= Recorded information =
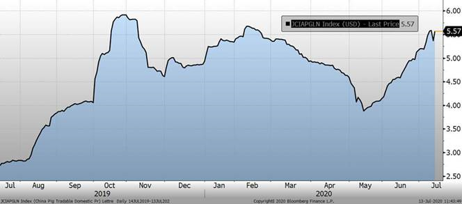 Le prix du porc en Chine depuis 1 mois a repris de l’altitude. Une combinaison de facteurs expliquaient ce phénomène. Le fait de ralentir les importations afin de tester la viande pour détecter la présence du coronavirus a produit un goulot d’étranglement auprès des consommateurs chinois. L’effet de rareté se fait sentir et force les autorités chinoises à vendre du porc provenant des réserves nationales. Le pays va liquider un deuxième lot de 20 000 tonnes. Depuis le début de l’année c’est 430 000 tonnes de viande qui ont été libérées des inventaires chinois. Depuis le début du moi de juillet, le prix chinois a progressé de 6.8% pour se situer à $5.57 USD / kg. On s’approche ainsi du record de prix du mois d’octobre dernier.
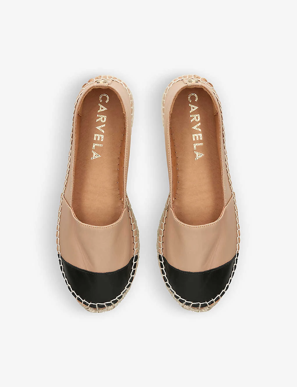- Round closed toe, panelled design, contrasting toe panel, woven espadrille sole, logo plaque at heel
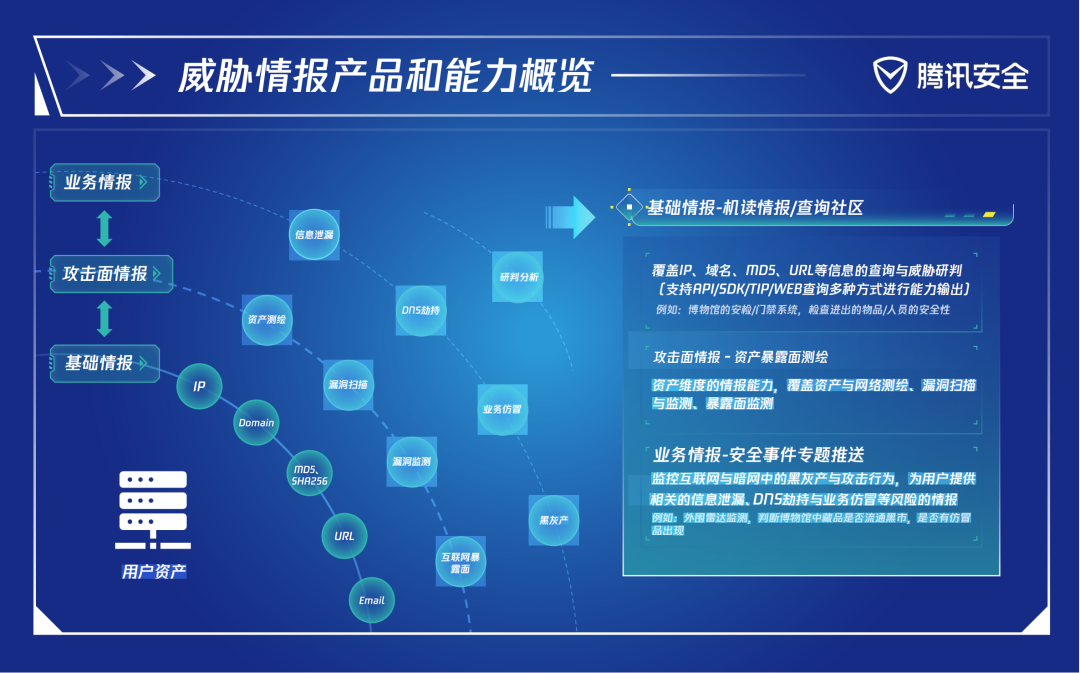 腾讯TIX威胁情报中心是一款集成基础情报、攻击面情报、业务情报三大情报能力的开放平台,提供覆盖C端、B端、云端、互联网开放数据等多个维度的数据采集,以及业界领先的威胁情报云能力,自产情报数量占比95%以上,同时依靠独特的威胁情报云端协同能力,对产品赋能,实现基于威胁情报和重大安全事件全天候响应分析。
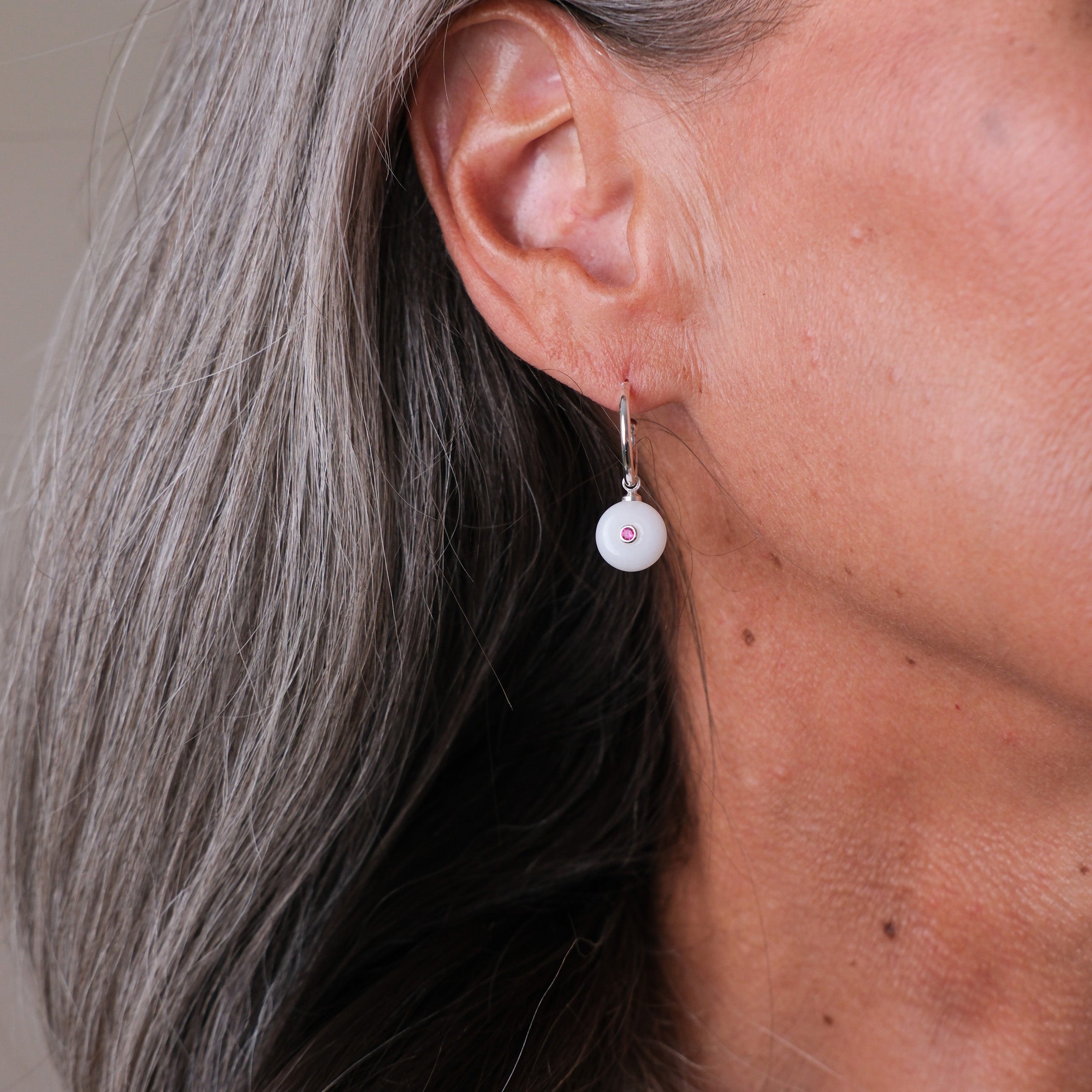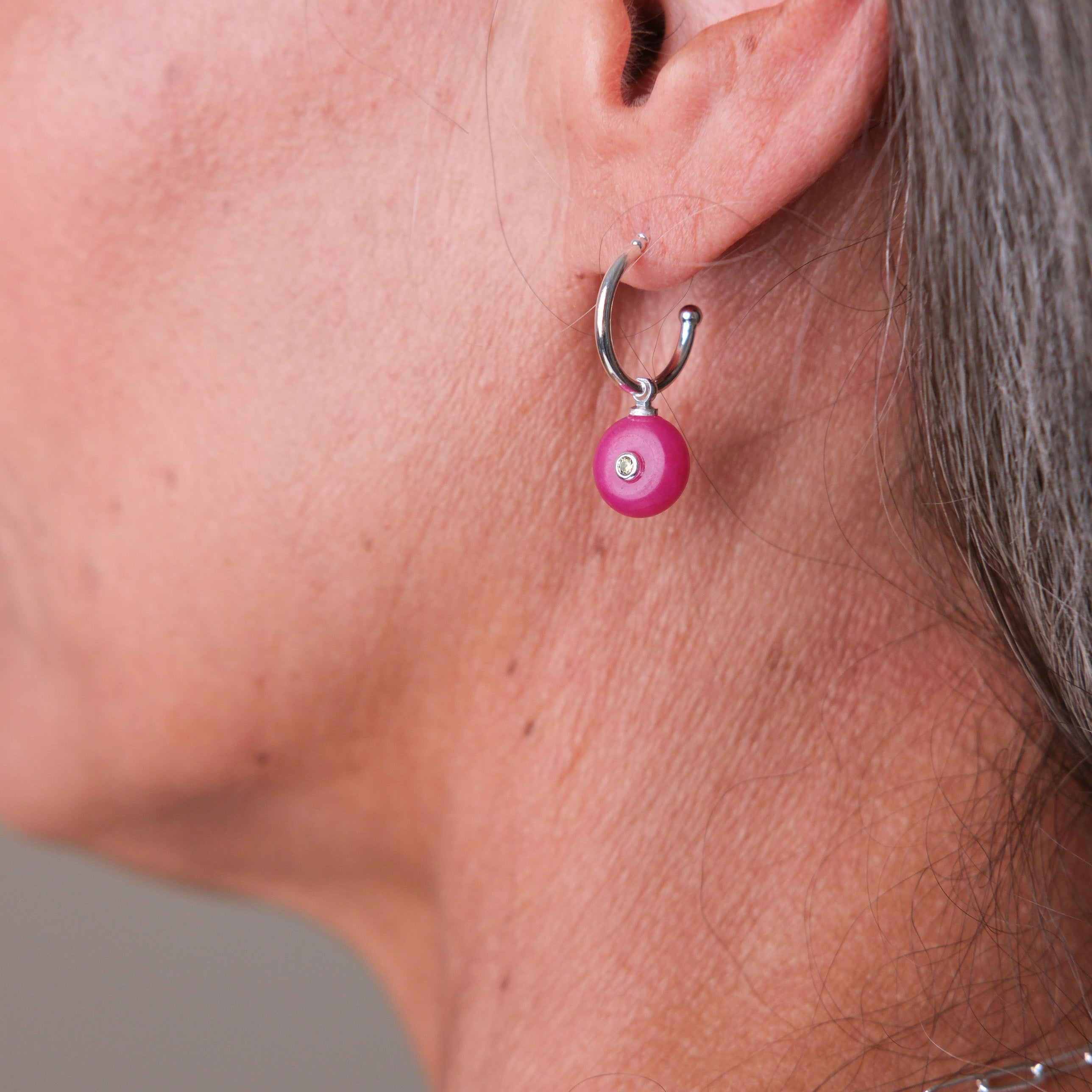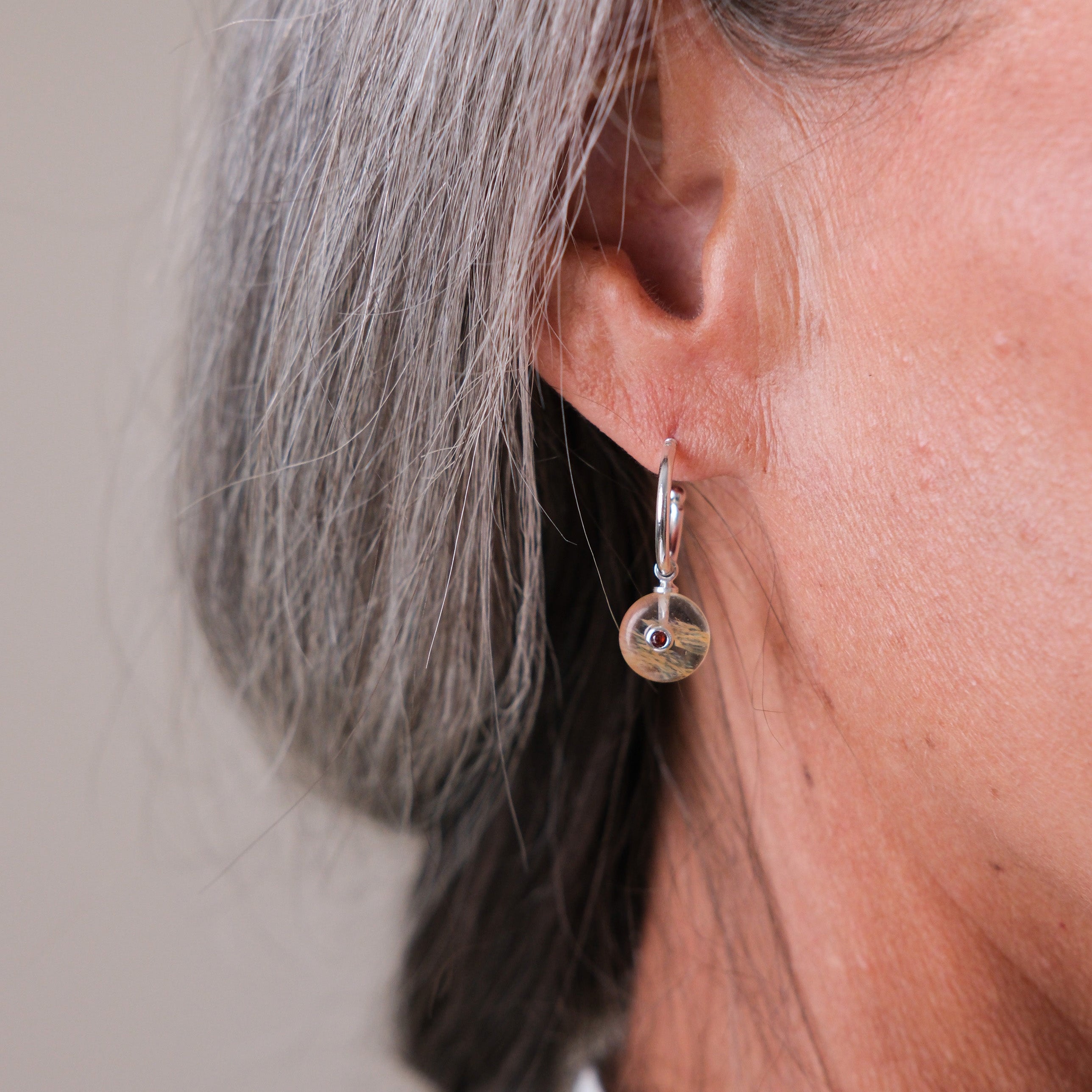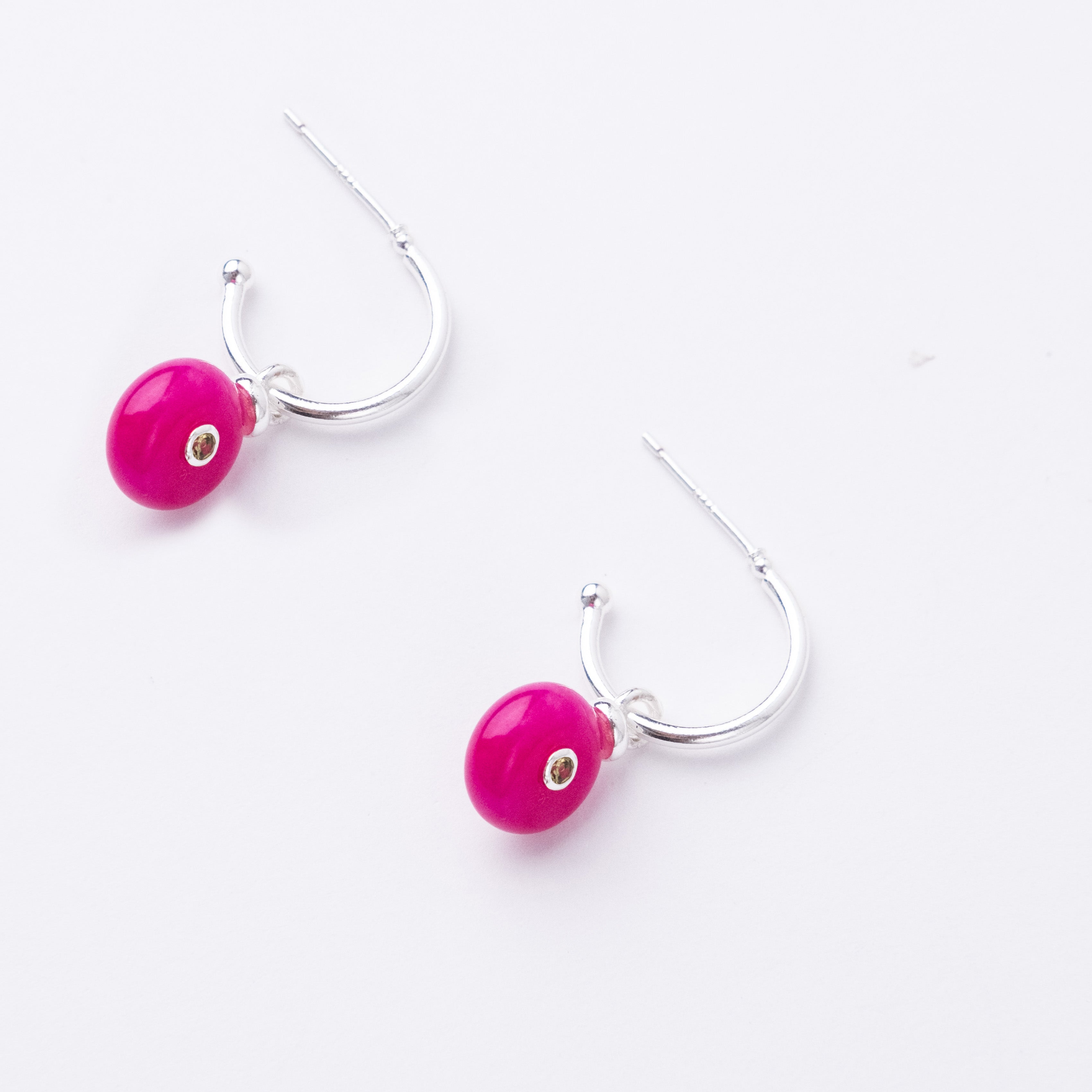 Silver Plated Huggies with a Semi-Precious Stone charms

= Directions for this task =
The copy runs from the line containing "腾讯TIX威胁情报中心是一款" through the last line of the material, both ends included. Reproduce those lines exactly and drop the pictures.

= Written solution =
 腾讯TIX威胁情报中心是一款集成基础情报、攻击面情报、业务情报三大情报能力的开放平台,提供覆盖C端、B端、云端、互联网开放数据等多个维度的数据采集,以及业界领先的威胁情报云能力,自产情报数量占比95%以上,同时依靠独特的威胁情报云端协同能力,对产品赋能,实现基于威胁情报和重大安全事件全天候响应分析。
 Silver Plated Huggies with a Semi-Precious Stone charms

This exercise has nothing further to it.